AI is Bad for Writers. Stop it.

We’ve heard the arguments about using AI as a resource as a writer. Recently someone said “it’s like a calculator, but if I’d read every book ever. Why wouldn’t I use it?” And we’ve also heard “sometimes it’s easier to bounce some ideas off of someone.”  People have said they find they think better when in conversation with ChatGPT. We have heard all of these things. And the galling absurd “it’s here, we have to learn how to work with it.”  What on earth are you people talking about? We’re of the concensus that the mental gymnastics it takes to justify using AI aren’t worth it. The case for not using it is obvious but because a lot of people feel a need to try to prove this wrong… here are five reasons.  It feels important to mention why we’re choosing not to use AI in Story Hug – to the best of our ability. Which is really the first point: 

  1. We’re increasingly being forced into it.

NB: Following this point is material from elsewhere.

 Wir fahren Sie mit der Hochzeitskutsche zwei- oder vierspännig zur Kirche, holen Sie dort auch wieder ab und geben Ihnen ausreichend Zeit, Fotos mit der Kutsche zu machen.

    This is mainly the thing that drives us to stay back from the use of AI. It’s breaking the internet. You’re feeling it, too. Stuff that used to work fine is no longer working fine. The rush to put AI into everything is absolutely causing problems. And the hoops one must now jump through to turn AI off in settings will likely become more and more onerous. Ultimately, in order for AI to work, businesses are going to have to cede a massive amount of control of their systems to the companies that manage and operate AI. And while we’re not worried the robots will come to eat us, we are worried about consolidating that much power over what kinds of things get fed to us.

  2. It’s stealing your idea.

    One of the things students always ask is whether or not they should send their story into the world because “what if someone steals it?” The answer is that someone is likely also writing the idea you have and what will make that idea special is YOUR take on it. The first one of you to get that story to market wins. But with AI? Not only are you telling it YOUR version of a story, you’re giving it consent to then use that story to inform someone else’s story. In a rush to get your story onto paper, you’ve given it away to a robot because it feels like it’s giving you a competitive edge. What you’re doing instead is giving YOUR version, the one valuable thing you have – away.

  3. It’s stealing your money.

    If you’ve ever spent time with anyone writing a novel, or written one yourself, you watch a process whereby a really important and beautiful thing happens. For years. For very little money. In the world where that effort pays off. (And it does! Really!)  – a tech company then takes your work, and lets anyone have it. For free. Why? Because we’ve ceded this ground. Tech companies genuinely believe they own your work the moment it is published. And they simply don’t. AI is making money for them based on the intellectual property of everyone.  And they’re winning lawsuits. Centuries of intellectual property? Erased.

  4. It’s what the power structures want.

    It’s long been said that TV and Movies are an industry run by people who hate to read. The casualness with which we hear executives say things like “AI is here and we have to accept it” is really another way to say “we don’t need a writer.” You’re handing your creativity to someone who is trying to make money off of it – for them. Not you. This is how we will watch creativity circle a drain. The dangers of using AI as a writing tool is that all it can do is tell you what the audience expects to happen. That’s what Story Hug is meant to teach you.

  5. It’s drinking Lake Tahoe.

    Not specifically that lake. But every question you ask an AI costs the world an eight ounce glass of water. Each question. Not session. In order to cool the servers, companies must use enormous amounts of water. Equivalent to, yeah, a glass of water. That’s a staggering amount of waste.  And for what? So you can process your own brain faster? Incredibly damning studies are being done at this moment that all say pretty much the same thing: the more we outsource the things that make our own brains work – the more we lose the ability to use our own brains.